● **Problem details**: Output exactly the lines below from the one containing "12月20日,吉利控股集团携" to the last line, both included. Omit pictures.

_ _ _

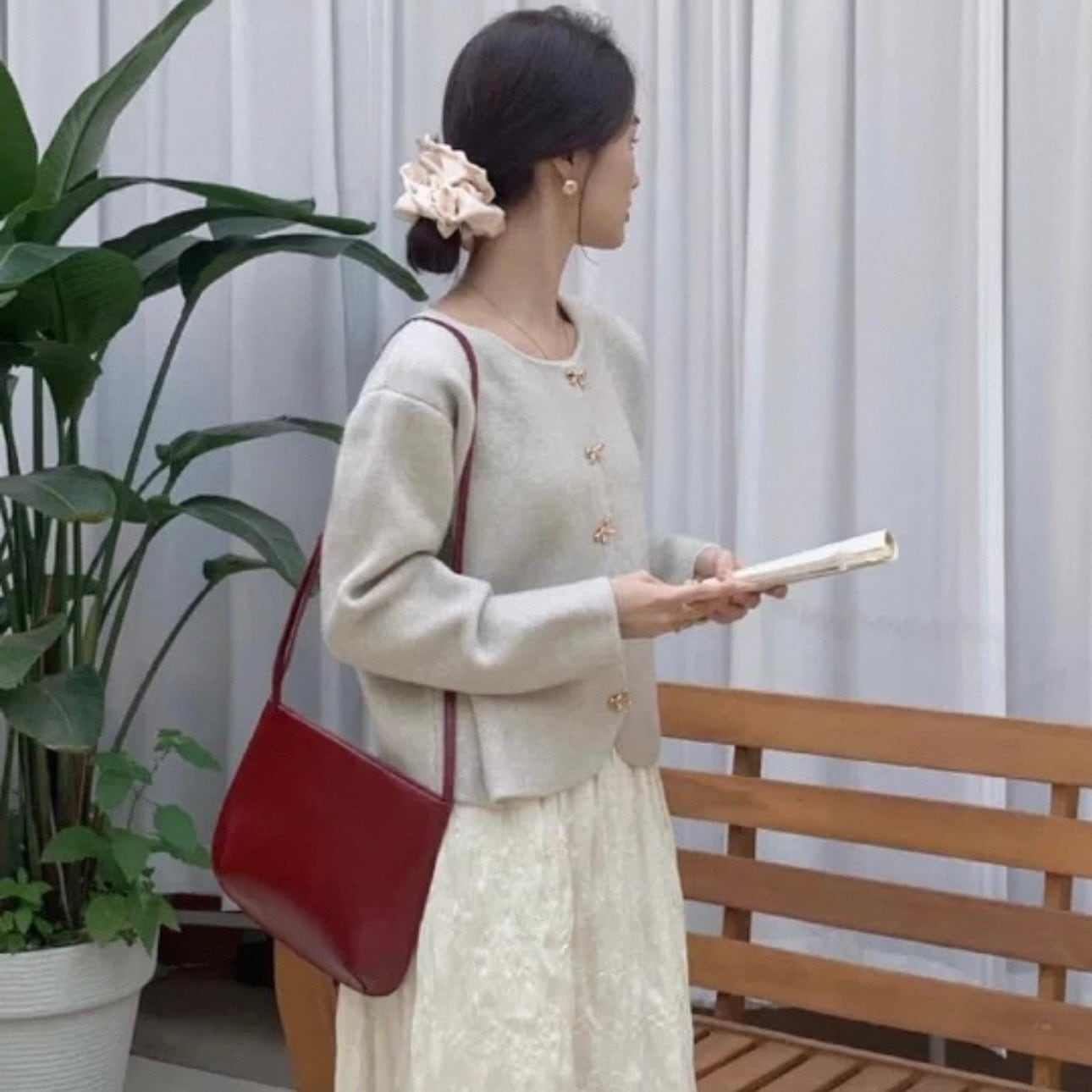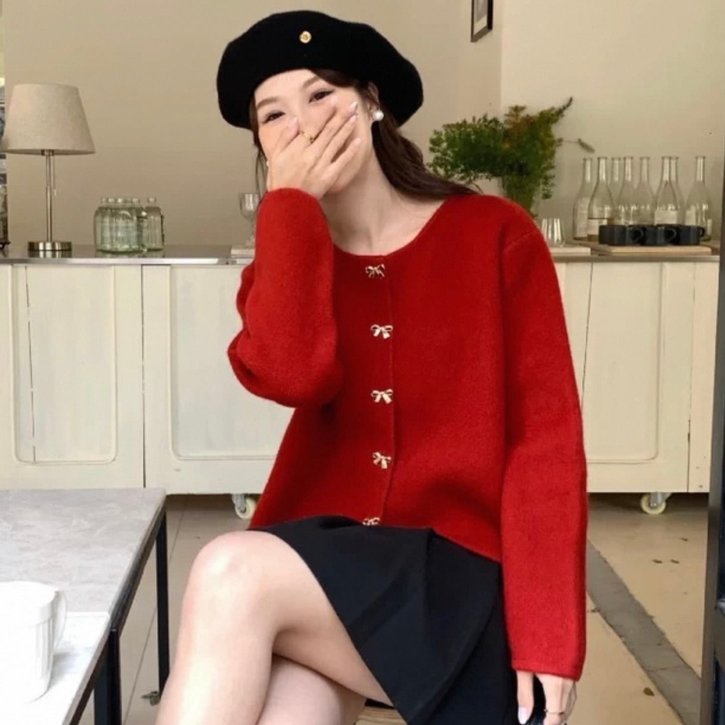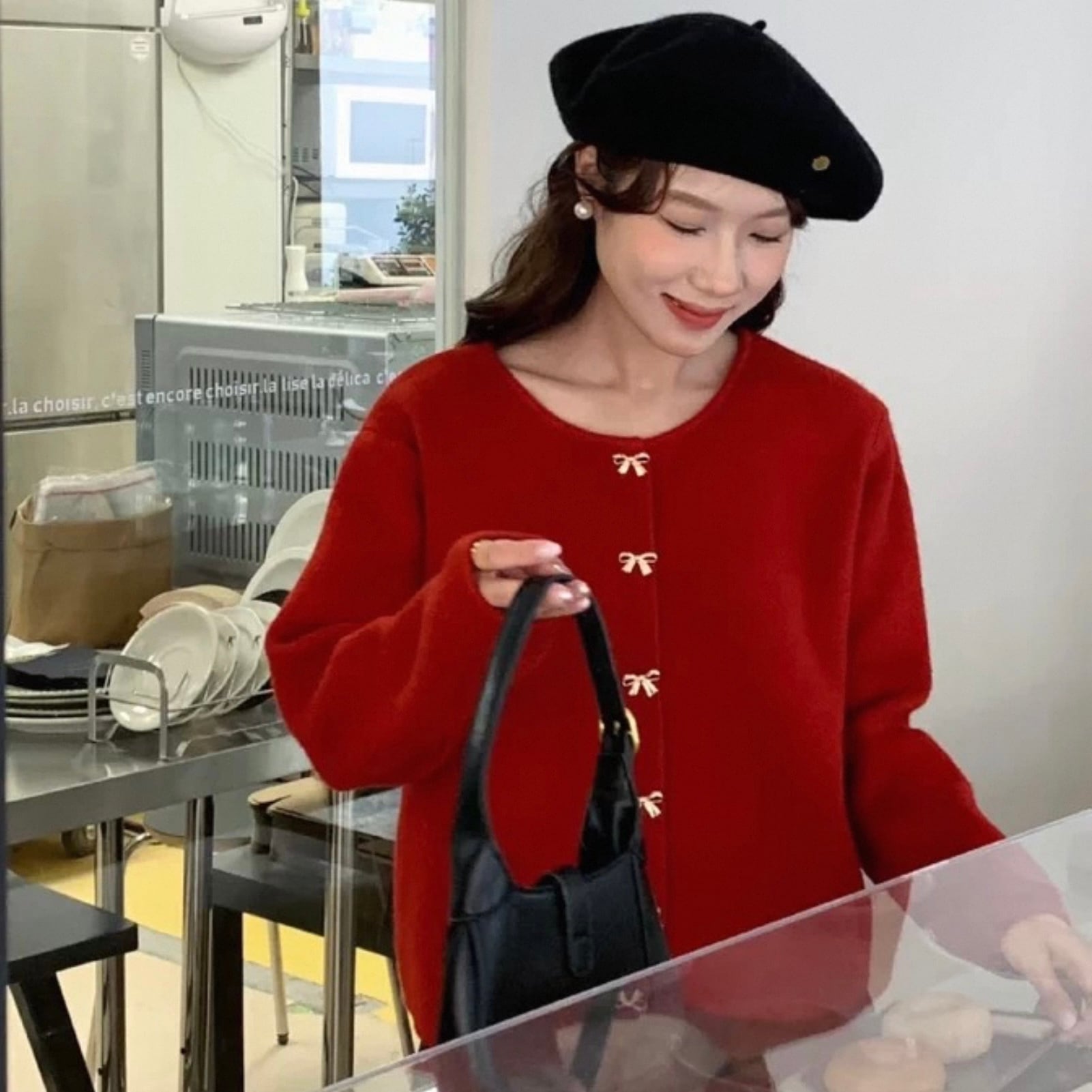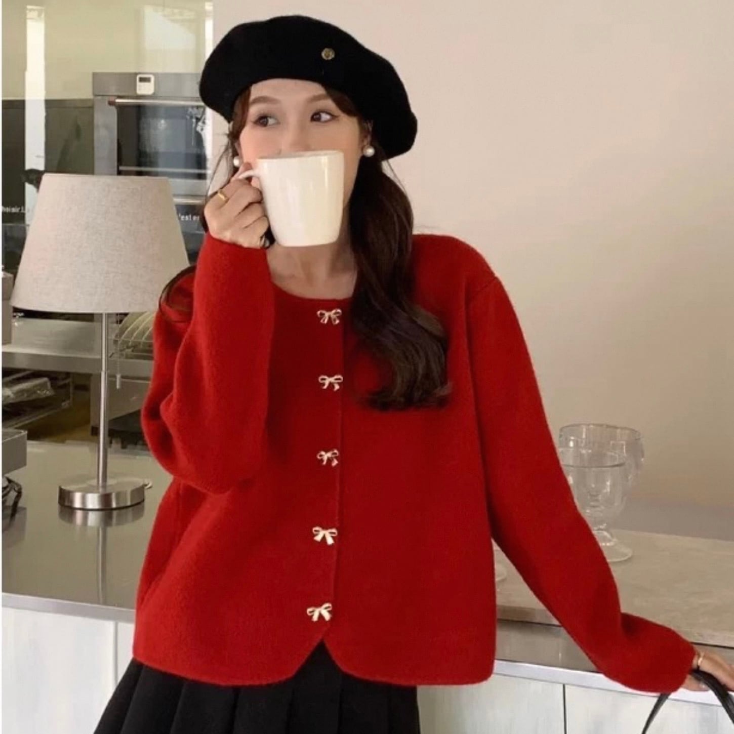 【outer】リボン釦ニットカーディガン3色 HK0284
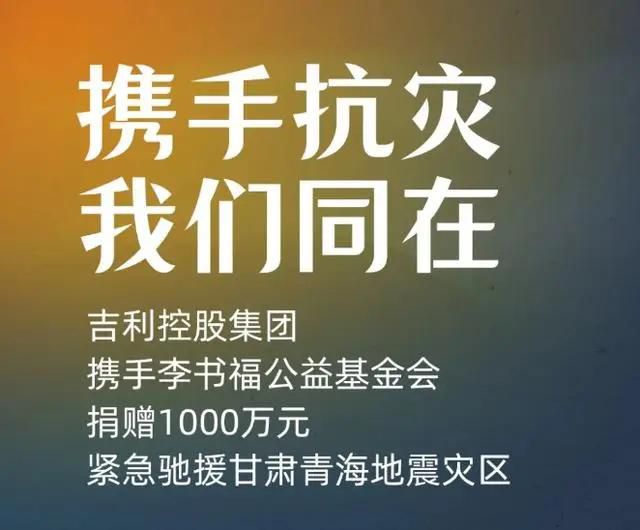 12月20日,吉利控股集团携手李书福公益基金会向甘肃省、青海省红十字会捐款1000万元用于甘肃、青海地震灾区采购应急救灾物资、支持灾后重建工作,并将持续关注救援情况,继续为受灾民众抗灾、重建、安然过冬尽献绵薄之力。
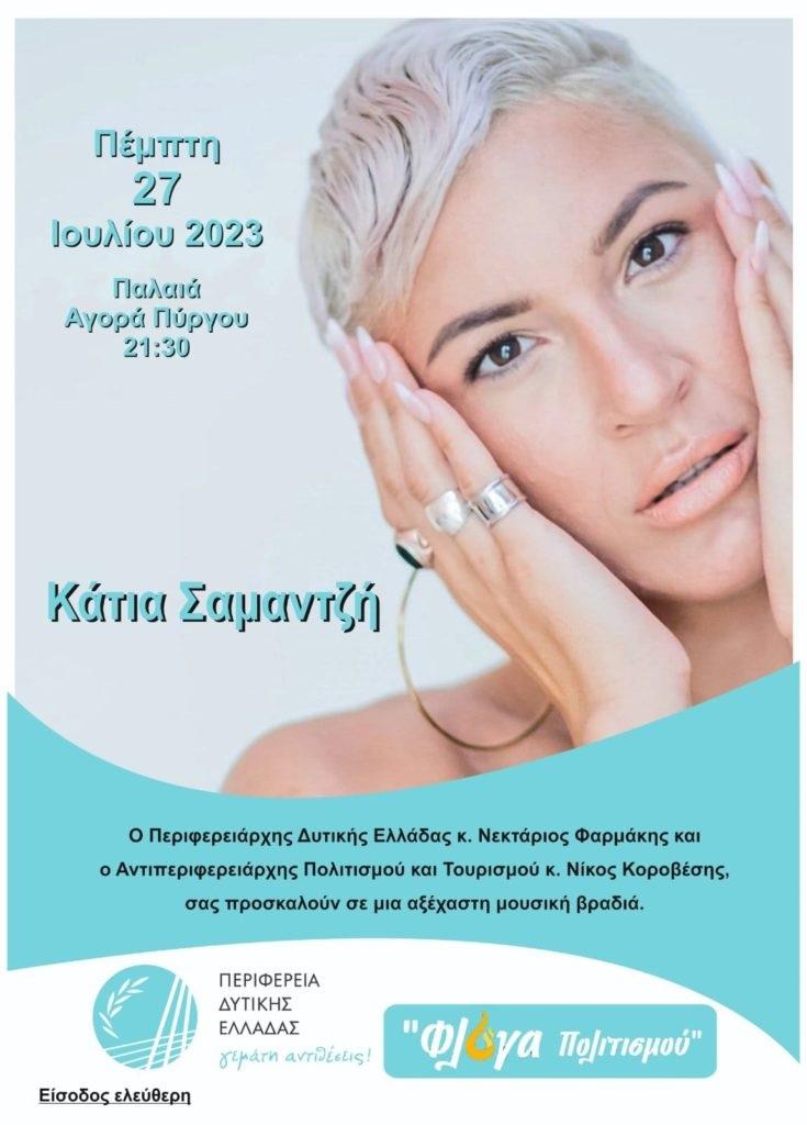 Την δημοφιλή – κυρίως στο νεανικό κοινό- τραγουδίστρια, γνωστή από τη συμμετοχή της στο τηλεοπτικό μουσικό σόου «The Voice» , και πρώην τραγουδίστρια των C:REAL Κάτια Σαμαντζή, φιλοξενεί η πόλη του Πύργου το βράδυ της Πέμπτης 27 Ιουλίου στις 9.30 μμ, σε μια μοναδική συναυλία στην Παλαιά Αγορά Πύργου που διοργανώνει ο τομέας Πολιτισμού της Περιφέρειας Δυτικής Ελλάδας.
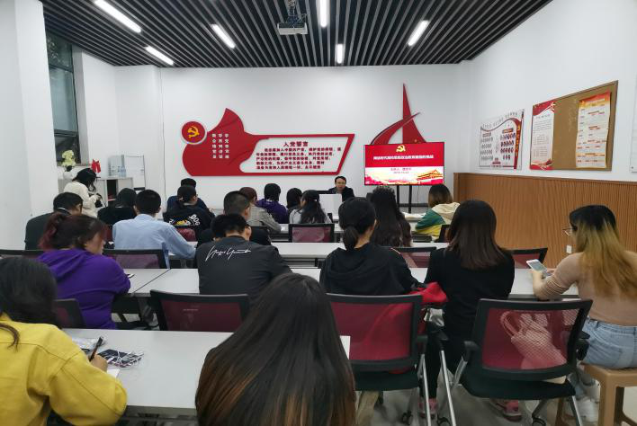 2019年10月24日下午,18漫画 开展“网络时代高校思想政治教育面临的挑战”主题党课学习会。外语学院党委副书记魏世平就大学思政教育工作如何迎接网络时代的挑战这一课题与同学们进行了交流,重点阐述在高校落实党建工作,推动思政教育需要坚持党的领导、加强党的建设的重要性,并围绕网络时代高校思想政治教育工作的新情况新问题为*18漫画 全体学生党员讲授专题党课。本科生支部辅导员张茹、吉克铁巫等参与此次党课学习会。
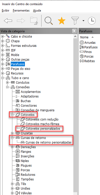 Além da biblioteca Cotovelos personalizados, a biblioteca Curvas de retorno personalizadas é adicionada. A criação e a publicação das peças de ambas são compatíveis.

_ _ _

● **Response**:
 12月20日,吉利控股集团携手李书福公益基金会向甘肃省、青海省红十字会捐款1000万元用于甘肃、青海地震灾区采购应急救灾物资、支持灾后重建工作,并将持续关注救援情况,继续为受灾民众抗灾、重建、安然过冬尽献绵薄之力。
 Την δημοφιλή – κυρίως στο νεανικό κοινό- τραγουδίστρια, γνωστή από τη συμμετοχή της στο τηλεοπτικό μουσικό σόου «The Voice» , και πρώην τραγουδίστρια των C:REAL Κάτια Σαμαντζή, φιλοξενεί η πόλη του Πύργου το βράδυ της Πέμπτης 27 Ιουλίου στις 9.30 μμ, σε μια μοναδική συναυλία στην Παλαιά Αγορά Πύργου που διοργανώνει ο τομέας Πολιτισμού της Περιφέρειας Δυτικής Ελλάδας.
 2019年10月24日下午,18漫画 开展“网络时代高校思想政治教育面临的挑战”主题党课学习会。外语学院党委副书记魏世平就大学思政教育工作如何迎接网络时代的挑战这一课题与同学们进行了交流,重点阐述在高校落实党建工作,推动思政教育需要坚持党的领导、加强党的建设的重要性,并围绕网络时代高校思想政治教育工作的新情况新问题为*18漫画 全体学生党员讲授专题党课。本科生支部辅导员张茹、吉克铁巫等参与此次党课学习会。
 Além da biblioteca Cotovelos personalizados, a biblioteca Curvas de retorno personalizadas é adicionada. A criação e a publicação das peças de ambas são compatíveis.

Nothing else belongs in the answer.